AI and ML are the key drivers of digital transformation. Almost any modern product or service is expected to include services based on advanced machine learning algorithms providing values such as predictive maintenance in manufacturing or cyber incident detection.

Emerging technologies almost always bring privacy and confidentiality considerations, yet the scale and application of AI create unprecedented and unique challenges. Building ML models require vast data; some might be business-sensitive, and some private information. Data scientists use the data to learn, develop adaptive models, and make actionable predictions - often without a transparent, explainable process.

The Cambridge Analytica scandal was an eye-opening global event. People started to take stock of their privacy, leading to the emergence of privacy-related legislation and regulation that drives tectonic changes in the market and customer expectations. With Google's forthcoming sunsetting of the 3rd party cookies, marketers will have to find new ways to be effective in a world without this method of identification. This, in combination with Apple and its fellow tech giants tightening up privacy protections, has reinforced the primacy of first-party data.

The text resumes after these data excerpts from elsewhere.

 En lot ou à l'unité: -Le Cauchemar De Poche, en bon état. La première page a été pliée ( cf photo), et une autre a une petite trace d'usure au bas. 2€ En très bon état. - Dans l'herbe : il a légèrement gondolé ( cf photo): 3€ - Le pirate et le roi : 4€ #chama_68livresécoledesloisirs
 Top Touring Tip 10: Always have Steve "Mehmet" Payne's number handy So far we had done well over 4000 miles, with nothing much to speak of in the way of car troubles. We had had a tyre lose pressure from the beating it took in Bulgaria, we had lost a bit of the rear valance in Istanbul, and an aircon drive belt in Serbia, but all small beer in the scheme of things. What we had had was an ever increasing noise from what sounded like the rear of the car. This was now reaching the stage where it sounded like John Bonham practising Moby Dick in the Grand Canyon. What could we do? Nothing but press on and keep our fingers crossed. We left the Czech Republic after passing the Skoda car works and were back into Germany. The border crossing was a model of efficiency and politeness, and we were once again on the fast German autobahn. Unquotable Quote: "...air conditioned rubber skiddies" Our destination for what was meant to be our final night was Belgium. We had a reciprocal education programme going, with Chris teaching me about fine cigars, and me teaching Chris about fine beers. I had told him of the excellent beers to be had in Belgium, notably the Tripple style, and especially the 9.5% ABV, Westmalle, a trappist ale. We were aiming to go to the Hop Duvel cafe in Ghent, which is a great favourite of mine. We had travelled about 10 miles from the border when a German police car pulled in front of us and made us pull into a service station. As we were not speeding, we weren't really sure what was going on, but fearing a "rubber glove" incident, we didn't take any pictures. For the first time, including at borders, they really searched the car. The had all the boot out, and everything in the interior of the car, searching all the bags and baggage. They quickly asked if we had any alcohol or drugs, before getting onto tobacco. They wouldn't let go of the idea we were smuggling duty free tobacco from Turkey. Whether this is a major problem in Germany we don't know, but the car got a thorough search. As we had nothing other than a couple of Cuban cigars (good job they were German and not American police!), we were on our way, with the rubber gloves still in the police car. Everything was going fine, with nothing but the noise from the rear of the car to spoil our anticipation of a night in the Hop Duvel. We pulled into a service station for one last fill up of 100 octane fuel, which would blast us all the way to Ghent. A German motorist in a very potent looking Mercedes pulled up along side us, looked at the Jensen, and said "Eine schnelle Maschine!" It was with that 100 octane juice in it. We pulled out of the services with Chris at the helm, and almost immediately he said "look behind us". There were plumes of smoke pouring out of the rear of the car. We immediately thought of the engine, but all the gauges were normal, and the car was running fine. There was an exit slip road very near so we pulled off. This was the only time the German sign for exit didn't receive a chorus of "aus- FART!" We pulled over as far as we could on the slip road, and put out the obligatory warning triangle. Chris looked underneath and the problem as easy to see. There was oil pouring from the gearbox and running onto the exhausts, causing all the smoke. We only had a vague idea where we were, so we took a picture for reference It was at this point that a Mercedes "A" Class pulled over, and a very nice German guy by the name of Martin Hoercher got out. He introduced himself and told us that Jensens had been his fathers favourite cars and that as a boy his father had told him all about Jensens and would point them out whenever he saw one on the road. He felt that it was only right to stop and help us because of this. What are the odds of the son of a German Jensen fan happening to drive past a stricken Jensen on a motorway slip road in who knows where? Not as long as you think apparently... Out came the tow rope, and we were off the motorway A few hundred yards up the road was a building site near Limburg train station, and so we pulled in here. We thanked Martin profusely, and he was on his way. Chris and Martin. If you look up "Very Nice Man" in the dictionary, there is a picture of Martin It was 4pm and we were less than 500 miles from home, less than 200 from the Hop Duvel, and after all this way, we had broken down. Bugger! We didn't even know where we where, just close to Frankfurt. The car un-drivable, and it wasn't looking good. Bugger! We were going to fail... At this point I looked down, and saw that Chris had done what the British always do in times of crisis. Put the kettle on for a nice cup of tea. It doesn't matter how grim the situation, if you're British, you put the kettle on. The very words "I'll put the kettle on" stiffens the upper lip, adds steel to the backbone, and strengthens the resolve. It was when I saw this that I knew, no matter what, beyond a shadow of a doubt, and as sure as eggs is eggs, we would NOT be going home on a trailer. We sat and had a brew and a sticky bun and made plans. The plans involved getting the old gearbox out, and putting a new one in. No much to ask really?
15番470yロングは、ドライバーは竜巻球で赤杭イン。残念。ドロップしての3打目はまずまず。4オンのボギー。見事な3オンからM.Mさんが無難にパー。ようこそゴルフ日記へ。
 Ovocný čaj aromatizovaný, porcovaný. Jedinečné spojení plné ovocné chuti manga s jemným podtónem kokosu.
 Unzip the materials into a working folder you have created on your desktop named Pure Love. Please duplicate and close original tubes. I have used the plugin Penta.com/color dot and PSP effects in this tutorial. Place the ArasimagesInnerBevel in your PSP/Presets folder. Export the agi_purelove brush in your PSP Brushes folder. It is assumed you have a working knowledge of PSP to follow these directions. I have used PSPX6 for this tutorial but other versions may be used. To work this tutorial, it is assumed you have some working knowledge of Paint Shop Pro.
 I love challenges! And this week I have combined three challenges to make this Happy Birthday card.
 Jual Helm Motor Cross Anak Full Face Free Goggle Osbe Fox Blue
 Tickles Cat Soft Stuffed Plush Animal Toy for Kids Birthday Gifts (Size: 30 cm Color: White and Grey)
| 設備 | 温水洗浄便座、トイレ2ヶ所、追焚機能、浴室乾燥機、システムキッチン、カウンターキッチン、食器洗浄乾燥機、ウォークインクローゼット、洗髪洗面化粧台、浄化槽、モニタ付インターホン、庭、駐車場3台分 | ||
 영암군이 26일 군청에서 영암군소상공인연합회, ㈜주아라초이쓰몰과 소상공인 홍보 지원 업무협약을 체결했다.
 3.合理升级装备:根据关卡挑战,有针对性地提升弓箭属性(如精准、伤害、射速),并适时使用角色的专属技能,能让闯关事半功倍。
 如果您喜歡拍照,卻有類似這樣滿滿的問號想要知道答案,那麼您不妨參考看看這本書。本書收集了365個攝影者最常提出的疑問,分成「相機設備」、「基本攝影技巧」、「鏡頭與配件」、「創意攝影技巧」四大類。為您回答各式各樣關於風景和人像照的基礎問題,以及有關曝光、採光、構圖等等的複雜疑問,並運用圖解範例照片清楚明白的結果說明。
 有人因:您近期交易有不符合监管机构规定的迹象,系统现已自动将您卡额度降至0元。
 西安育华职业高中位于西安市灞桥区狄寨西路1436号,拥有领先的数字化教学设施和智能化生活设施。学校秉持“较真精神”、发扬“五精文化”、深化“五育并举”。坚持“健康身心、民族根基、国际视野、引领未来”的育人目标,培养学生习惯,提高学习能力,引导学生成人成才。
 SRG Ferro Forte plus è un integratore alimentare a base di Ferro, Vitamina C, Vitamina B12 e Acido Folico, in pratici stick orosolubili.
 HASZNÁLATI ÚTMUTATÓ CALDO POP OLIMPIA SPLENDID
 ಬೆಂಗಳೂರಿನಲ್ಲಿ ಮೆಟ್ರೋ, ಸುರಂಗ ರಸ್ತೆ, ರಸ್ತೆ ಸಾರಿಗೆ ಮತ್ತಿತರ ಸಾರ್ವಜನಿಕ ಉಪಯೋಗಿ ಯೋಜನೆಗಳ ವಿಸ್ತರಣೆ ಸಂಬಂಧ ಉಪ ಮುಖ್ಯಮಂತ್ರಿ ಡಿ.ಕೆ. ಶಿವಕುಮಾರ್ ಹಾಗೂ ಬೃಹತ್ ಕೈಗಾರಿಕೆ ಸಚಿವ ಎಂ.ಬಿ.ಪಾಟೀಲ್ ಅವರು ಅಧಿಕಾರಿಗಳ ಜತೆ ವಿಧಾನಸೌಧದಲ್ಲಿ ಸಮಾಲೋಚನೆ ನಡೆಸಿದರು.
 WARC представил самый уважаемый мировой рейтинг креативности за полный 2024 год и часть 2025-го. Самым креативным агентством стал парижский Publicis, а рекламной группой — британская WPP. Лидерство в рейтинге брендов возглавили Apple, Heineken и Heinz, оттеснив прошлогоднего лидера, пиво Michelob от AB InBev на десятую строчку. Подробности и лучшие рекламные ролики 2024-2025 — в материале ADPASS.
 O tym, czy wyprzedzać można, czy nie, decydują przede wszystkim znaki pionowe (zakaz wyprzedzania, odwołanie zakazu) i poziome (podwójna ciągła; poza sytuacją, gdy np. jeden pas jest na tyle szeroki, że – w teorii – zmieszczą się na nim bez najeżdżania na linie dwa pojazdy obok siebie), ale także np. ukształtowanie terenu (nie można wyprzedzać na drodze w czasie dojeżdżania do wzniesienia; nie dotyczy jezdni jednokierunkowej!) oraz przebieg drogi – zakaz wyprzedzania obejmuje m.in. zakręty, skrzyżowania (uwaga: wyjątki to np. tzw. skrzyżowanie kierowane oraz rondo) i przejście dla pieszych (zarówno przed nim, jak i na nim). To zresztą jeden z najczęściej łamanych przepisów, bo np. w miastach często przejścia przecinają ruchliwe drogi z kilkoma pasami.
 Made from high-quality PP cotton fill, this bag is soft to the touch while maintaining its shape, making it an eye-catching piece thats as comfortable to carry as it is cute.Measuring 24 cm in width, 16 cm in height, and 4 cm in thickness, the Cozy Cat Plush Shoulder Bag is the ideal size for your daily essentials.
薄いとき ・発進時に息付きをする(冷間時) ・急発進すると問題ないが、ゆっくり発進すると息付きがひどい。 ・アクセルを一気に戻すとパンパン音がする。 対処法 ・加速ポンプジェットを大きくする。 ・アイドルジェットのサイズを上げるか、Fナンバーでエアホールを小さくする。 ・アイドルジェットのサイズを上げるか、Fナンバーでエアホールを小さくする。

Data has become a precious asset; some say it is more valuable than oil. It has been commoditized for some time, but as the conditions change, getting the customers' data, behavior, and profile should become more complex and potentially more expensive as companies need to get the data directly from the customers.

Such changes will probably lead to new ways of building AI and implementing ML. Google is working on an alternative technology for customer profiling based on implementing ML on edge without ever consolidating and anonymizing user data at their data centers. Federated Learning of Cohorts or FLoC will group users into "cohorts" based on their preferences and personal attributes using computations executed directly on users' devices. Derived calculations are consolidated on central servers, where they are combined into a primary model, which is propagated back to the edge for retraining.

Cohorts that categorize users into different topics are not a consensus yet; it's criticized as a method that will not mitigate privacy concerns and even rejected by leading browsers. But the federated learning technology is undoubtedly something of notice in this new era. Federated learning is a machine learning technique that trains the algorithms across multiple decentralized edge devices or servers holding local data samples without exchanging them. It takes into account that local data samples are not necessarily identically distributed.

 Federated learning can become a new way to collaboratively create insights and value without sharing valuable and sensitive or confidential data 

This collaborative learning method allows multiple parties to build a robust and common machine learning model without compromising the sovereignty and confidentiality of each actor's data. Thus allowing us to address the critical issue of data privacy, data security, and data access rights.

This technology is not a commodity yet, as other machine learning techniques and tools are available in public cloud providers or other dedicated machine learning platforms. Some complicated problems need to be solved before federated learning can become a standard tool in the arsenal of data scientists. One example might be vertical federated learning (versus horizontal federated learning), where collaborating parties might not hold the same feature space. This use case will require that parties share the same ID space, which might introduce yet another data-sharing requirement.

Prediction is difficult, mainly when it involves the future. But as technology evolves and problems are solved, federated learning can become a new way to collaboratively create insights and value without sharing valuable and sensitive or confidential data. Retailers can build customer preference models without sharing customer data. Cyber security platforms can create unified detection algorithms, and manufacturing execution systems can predict maintenance windows without requiring a single party to aggregate the telemetry data.